The left operand is a (general) list containing two lists: Lt is a simple list of char containing one letter per field; Lw is a simple list of int containing one int width per field. The sum of the field widths in Lw must equal the width of the record. The result of the function in all cases is a (general) list of lists with an item for each field.

The simplest form of the right operand f is a symbol representing a file handle. For example,

	("IFC D";4 8 10 6 4) 0: `:c:/q/Fixed.txt

reads a text file containing fixed length records of width 32. The first field is an int of length 4; the second field is a float of width 8; the third field consists of 10 char; the fourth slot of 6 positions is skipped; the fifth field is a date of width 10.

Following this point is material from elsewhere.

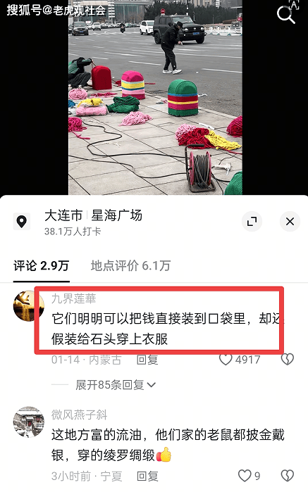 近日, 辽宁大连,星海广场,就有当地网友拍摄到了这样奇葩的一幕:一群工作人员正在忙着给水泥墩子穿毛衣,那一副认真的样子,还有旁边交通警察的守护,让大家看到这的确应该是官方的意思,而不是哪个网红或者是广告公司在做广告。

You might think that the widths are superfluous, but they are not. The width can be narrower than the default for small values. Alternatively, specify a width larger than that required by the corresponding data type to indicate blanks between fields. If the file in the previous example were rewritten with one additional blank character between fields, the left operand to read it would be,

	("IFC D"; 5 9 11 6 4)

For a simple example, let's say we have a file c:/q/data/Px.txt having the form,

	1001DBT12345678  98.61002EQT98765432 24.571003CCR00000001121.23

The read is,

	("ISF";4 11 6) 0: `:c:/q/data/Px.txt
(1001 1002 1004;`DBT12345678`EQT98765432`CCR00000001;98.6 24.75 121.23)

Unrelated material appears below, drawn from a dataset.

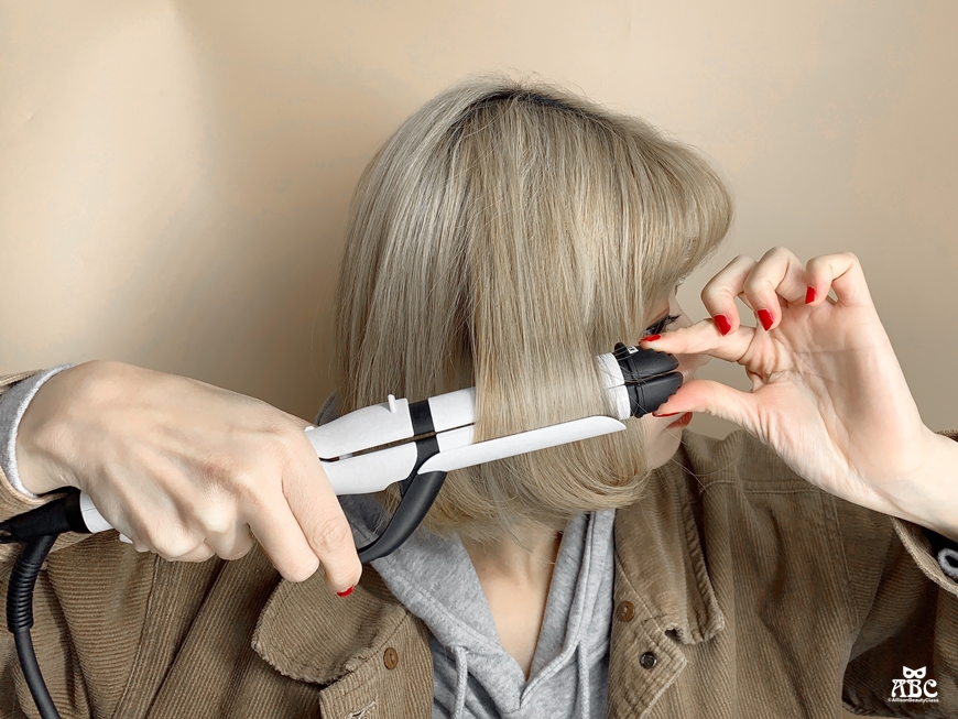 接下來切換到直髮夾功能,我們把髮束挑出來外捲,雖然一樣是外捲,但是跟捲髮棒的效果就不太一樣,屬於線條比較明顯的風格,帶有率性感的韓國歐膩髮型。

The second form of the right operand f is,

(hfile;i;n)

where hfile is a symbol containing a file name, i is the offset into the file to begin reading and n is the number of bytes to read. This is useful for large files that cannot be read into memory in one operation.

Warning.png A read operation must begin and end on a record boundary.

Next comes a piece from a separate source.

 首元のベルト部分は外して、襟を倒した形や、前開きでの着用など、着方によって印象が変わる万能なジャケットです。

In our trivial example, the following reads the second and third records,

	("ISF";4 11 6) 0: (`:c:/q/data/Px.txt; 21; 42)
(1002 1004;`EQT98765432`CCR00000001;24.75 121.23)

Variable Length Records

The binary form of 0: and 1: for reading variable length delimited files is,

(Lt;D) 0: f
(Lf;D) 1: f

The left operand is a (general) list comprising two items: Lt is a simple list of char containing one type letter per field; D is a either a char representing the delimiting character or an enlisted such.

If D is a delimiter char, the result is a general list of lists. Each list in the result is made up of items of type specified by Lt. The simplest form of the right operand f is a symbol representing a file handle.

For example, say we have a csv file c:/q/data/Px.csv having records,

1001,"DBT12345678",98.6
1002,"EQT98765432",24.75
1004,"CCR00000001",121.23

Reading with a simple delimiter char results in a list of column lists,

	("ISF";",") 0: `:c:/q/data/Px.csv
(1001 1002 1004;`DBT12345678`EQT98765432`CCR00000001;98.6 24.75 121.23)

If D is the enlist of a delimiter char, the first record is taken to be a list of column names. Subsequent records are read as data specified by the types in Lt. The result is a table in which each record is formed from a file record.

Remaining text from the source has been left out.